Endocrine Abstracts

Introduction: We describe a case of a 32 year old woman with bilateral carotid body tumours as initial finding of a paraganglioma syndrome type 1.

Case: A 32-year old previously healthy mother was referred because of bilateral neck swelling, presumably lymphadenopathy, associated with recurrent upper respiratory tract infections during the past year. Cervical ultrasound raised the suspicion for bilateral carotid body tumours which were confirmed by MR-imaging and a subsequent DOPA-PET-CT, which showed no evidence for multifocality or metastases. Plasma metanephrines including methoxytyramine were within the normal range and although a family history was negative, the genetic work-up revealed a SDHD mutation (paraganglioma syndrome typ 1). Because of mass effects and the patients wish, resection of the right sided tumour has been scheduled.
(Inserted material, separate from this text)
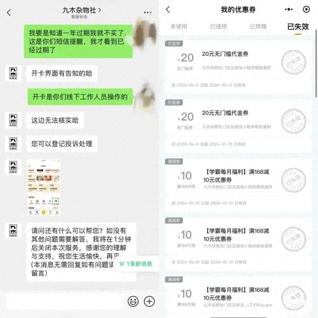 前年,她在雜物社“拿了一個水杯,店員說開卡可以免單,就稀裏糊塗地開了他們的88元學霸卡”。事後一算賬,所謂的“免單”指的是開卡之後獲得的優惠券額度相當於那個水杯的價格,但那是數張需要分次使用的滿減券。爲了實現“免單”,她還得去額外消費幾次。去年,在另一家門店,工作人員再次用似曾相識的話術要求她續費年卡。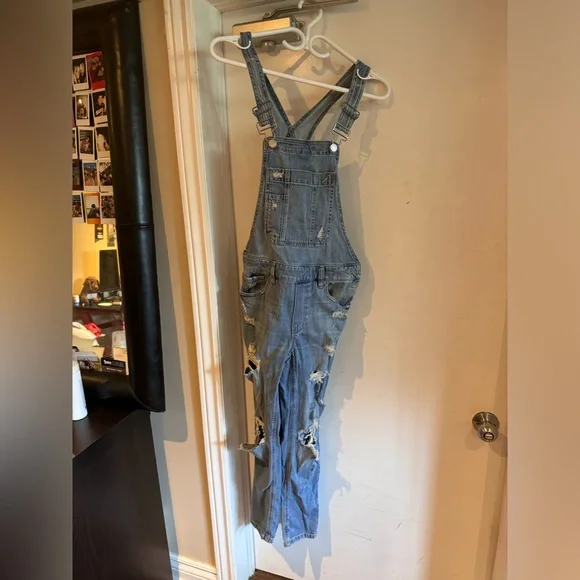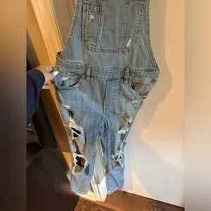 Light washed ripped jean overalls, worn one time and now they don’t fit

Discussion:: HNPGLs are rare tumours (incidence 1:30 000 – 100 000) derived from extraadrenal chromaffin cells and 95% arise from the parasympathic nervous system, typically the carotid body (glomus caroticum), jugular bulb (glomus jugulare) and different branches of the vagal nerve (glomus vagale, glomus typanicum). Plasma methoxytyramine may be elevated (1/3 of cases), normally they are clinically nonsecretory and present because of their mass effects. Around 35% are associated with a genetic defect, with SDHD-mutations accounting for >50%, SDHB for 20–35% and SDHC for 15% (extraordinary SDHAF2). The inheritance pattern is autosomal dominant for SDHx mutations, but in SDHD and SDHAF2 maternal imprinting is postulated. Malignancy is rare (3.5%) although metastases occur up to 20 years after initial diagnosis. Staging is performed by functional imaging with ¹⁸F-DOPA- or ⁶⁸Ga-DOTATATE-PET-CT, anatomical imaging with CT and/or MRI gives a better locoregional resolution. Surgical resection may be associated with significant morbidity especially caudal cranial nerve injury. Radionuclid-therapy or radiotherapy/-surgery must be evaluated as alternatives. Genetic counselling and testing is mandatory due to the high rate of germline mutations and familial disease.